LXCFS is a small FUSE filesystem written with the intention of making Linux containers feel more like a virtual machine. It started as a side-project of LXC but is useable by any runtime.

In human terms to explain it is:

XCFS is an open source FUSE (user-mode file system) implementation to support LXC containers, which can also support Docker containers. Let the application in the container read memory and CPU information through the LXCFS mapping, to read their own virtual data through the cgroup container-related definition information.

What is resource view isolation?

Container technology provides an environment isolation approach that is different from traditional virtual machine technology. Normal Linux containers speed up container packaging and startup, but also reduce container isolation. The most well-known problem of Linux containers is resource view isolation.

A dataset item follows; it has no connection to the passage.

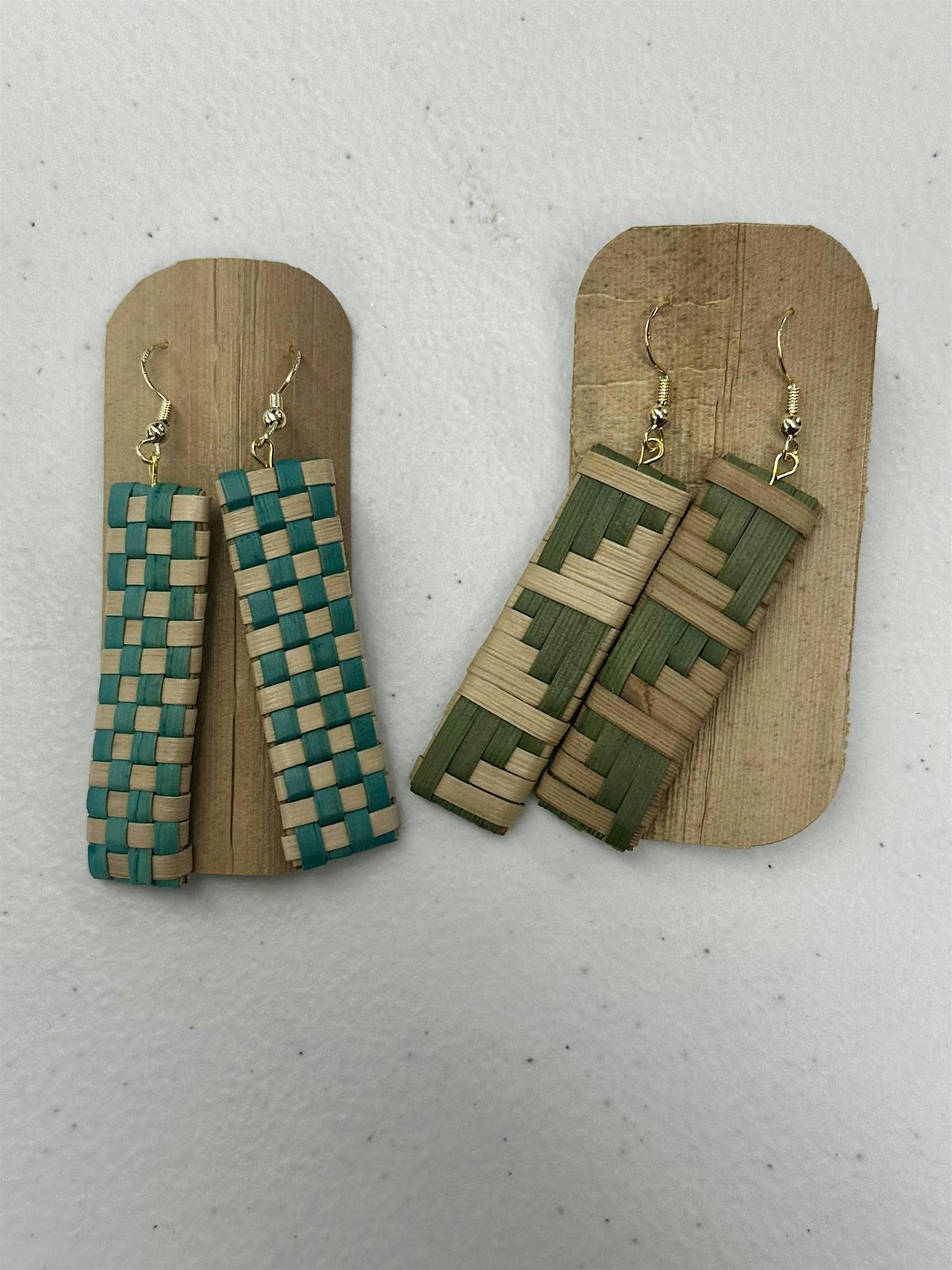 All materials, including carefully harvested, cleaned, and prepped lauhala, are provided. Each student can make one pair of (pierced) Lauhala earrings.

A container can use cgroup to limit the usage of resources, including memory and CPU. Note that if a process in the container uses some common monitoring commands, such as free and top, it still sees the data of the physical machine instead of the container. This is because the container does not isolate the resource view of /proc, /sys and other file systems.

Why do resource view isolation for containers?

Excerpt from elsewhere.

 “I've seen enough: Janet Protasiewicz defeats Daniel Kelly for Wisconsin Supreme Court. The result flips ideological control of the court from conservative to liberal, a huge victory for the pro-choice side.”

  1. From the perspective of containers, some service developers are accustomed to using the top and free commands on traditional physical machines and virtual machines to check the resource usage of the system. However, the container does not isolate the resource view, so the data in the container is still the data of the physical machine.

  2. From an application perspective, running processes in containers is different from running processes on physical virtual machines. And some applications running processes in containers have some security risks:

    For many JVM-based Java programs, the application starts with the allocation of the JVM heap and stack sizes based on the system resource ceiling. Running a JAVA application in a container will cause the application to fail to start because the memory data obtained by the JVM is still the data of the physical machine, and the resource quota allocated by the container is smaller than the amount of resources required by the JVM to start.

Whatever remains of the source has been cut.